Luke was a bit of a problem. If you remember from the "soap opera" he was the poor guy who was constantly getting bullied by everyone else. He kept looking around inside for Leia, Buzz and Flash, then he'd look outside, then inside, then outside again. I tried shooing him out a few times, but he wasn't going to have anything to do with that idea. I went outside and threw out some more seeds and looked around for Leia, Buzz and Flash but they were nowhere to be seen. After a few more minutes Luke finally came out, landed, did the pigeon "happy dance" (you know, where they flap a bunch and turn around in circles) and then he flew off.

I checked periodically throughout the day, and I hung around at sunset, but nobody came home. So I'm hoping that all four are now living happily-ever-after pigeon lives. I'll check back at dawn and dusk for the next few days and see if anyone comes straggling back with any problems. I am a little worried about Buzz -- he's never been very bright, but he is a pretty big bird. I think Leia will keep an eye on him and help him through any rough spots. 

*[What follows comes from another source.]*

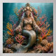 An elderly mermaid sits regally on an ornate throne surrounded by colorful coral. Her expression is dignified, and she wears intricate jewelry.
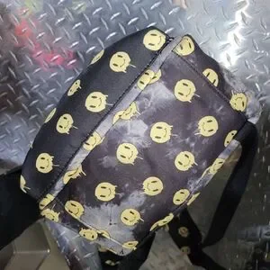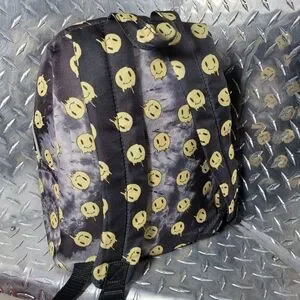 This stylish backpack features a playful smiley face design in black and yellow. Perfect for adding a touch of fun to your everyday look. same vein as China Town Market. brand new

Of course, Ripley is lonely now, since she's the only one left. She spent most of the day looking out the window, and I tried to spend some extra time with her. Like I said in my "soap opera" post, she's still too young to go free and probably too domesticated. She's likely destined to be someone's pet. She didn't eat very much today, so I think she's sad and misses the other birds. I'll have to put her up for adoption soon, so that she can have some more pigeon friends to hang out with.


----------